I give him the edited version of what happened the next weekend—how Missy invited us all for a sleepover to talk about planning a “real party” with the fifty people she was pretending to be friends with last time. After listening to her talk for what felt like forever, I blew up and started screaming uncontrollably. I tore up the list she was making. I said she was full of bullshit. That none of these people were our friends. That she had no idea what it meant to really be a friend. “For this split second I thought they would all agree with me. Like it would be a relief that someone had finally said the truth out loud. But it turned out—no.”
“Marcus Aurelius would say the best revenge is to be unlike him who performed the injury. Or obviously her in this case.”
“Since Missy only cares about being popular, and I have no friends, I guess I’ve accomplished that.”
“You can’t say that anymore. You have friends.”
“Who?”
“Me and Eileen.”
He says that as if it’s simple, but it’s not. I’m not really friends with Eileen, even though I like her. And once David comes bac
k to school, we probably won’t be friends there, either.

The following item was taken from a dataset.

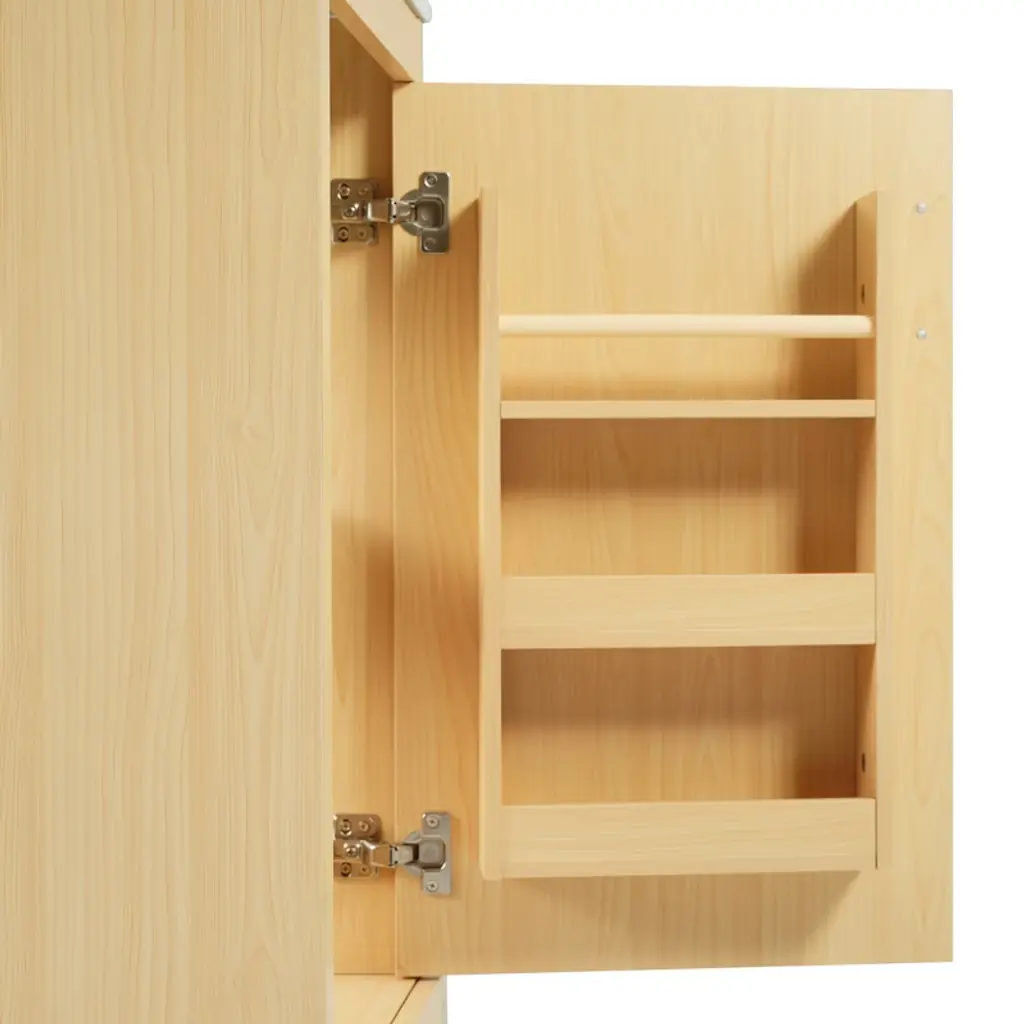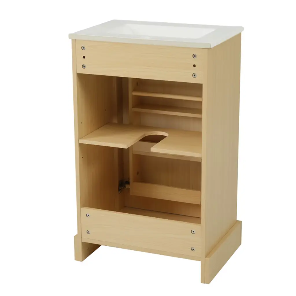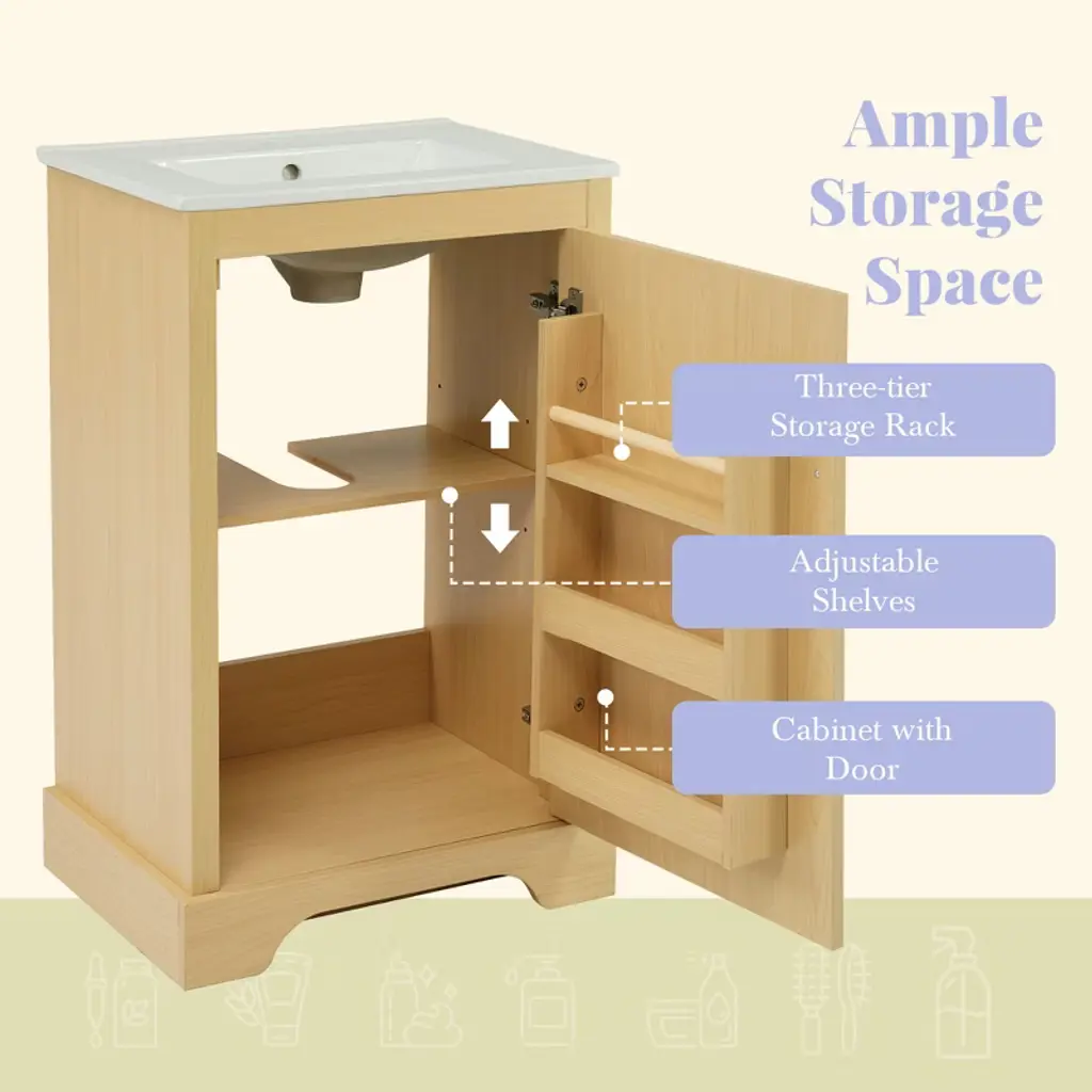 Elevate your bathroom with the ModernLuxe 20" Natural Wood Bathroom Vanity. Crafted from MDF and real wood, it features a easy to clean, waterproof ceramic sink with overflow. The cabinet has a soft-close door, 3-tier door storage rack, and adjustable shelf—ideal for organizing soaps, towels, and toiletries. Stainless steel hinges/handle resist rust in humid spaces. With 100lbs capacity and modern black handles, it combines durability and style. Easy assembly with included hardware—transform your bathroom! Specifications Material: MDF Board+Ceramic+Metal Handle. Overall Product Dimension: 20''W x 14.5''D x 33''H. Overall Weight Capacity: 100 LBS. Product Weight: 53.57 LBS.
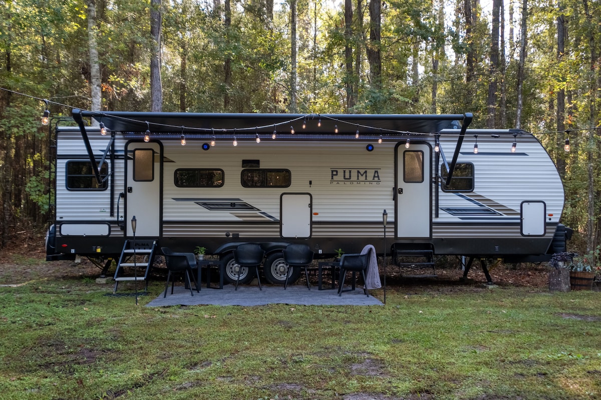 Welcome to Black Lake! Nestled in the heart of a private, tranquil haven, our 2023 Puma Palomino Camper offers a unique and luxurious getaway experience. With multiple lakeside seating areas, you can relax and take in the picturesque scenery, making it a haven for nature loving enthusiasts. The lounge chairs, hammock, and aluminum glider swing provide the perfect spots to read, nap, or simply soak in the serene ambiance. This rental is a true gem for anyone seeking a deep connection with nature.

On the walk back to the hospital, he seems to have more energy, not less. Maybe he was right when he said his health would get better outside the hospital. He’s definitely walking faster now. Almost like he’s forgotten where we’re going.
“Here’s the thing about girls like Missy,” he says. “You got under her skin by speaking the truth.”
We’re almost back at the hospital. I stop walking so he can catch his breath.
“It was stupid of me. I created a lot of problems, and I shouldn’t have. That’s all.”
“Still, it’s good to speak the truth. We should all do it more.”
We’re standing about ten feet from the side door of the hospital.
“Look,” I say. “We’re back!”
His whole expression changes. The smile fades. “Oh my God, you’re right.”
“Are you okay?”
“Yeah. It’s weird—I just . . . forgot for a second.”
My heart breaks a little. “I think it’s okay if you want to do this again. I mean—you’re right. You’re stronger than they think. You should be able to get outside once in a while.”
He looks up at me, with an expression that I haven’t seen on him in ages—happy and hopeful. “You’d do this again?”
I don’t promise anything. I can’t; it’s too risky.
The whole elevator ride up, we don’t speak. When we’re back in his room, he surprises me. “My friends can be the same way. So phony that being around them sometimes feels lonelier than being by myself.”
I’m shocked to hear him say this. I know his friends don’t come around as much as they used to, but I assume they all keep up with him online. He’s never complained about them before, but now that I think about it, he doesn’t say much of anything about them.
The next day at school, I sit a few tables away from David’s friends. From a distance they look like they’re having a great time—laughing at each other’s jokes, leaning in to hear what someone else is saying. They’re not all beautiful like the table full of football players and cheerleaders, but they exude a certain confidence, like they know they’re going to take over the world someday.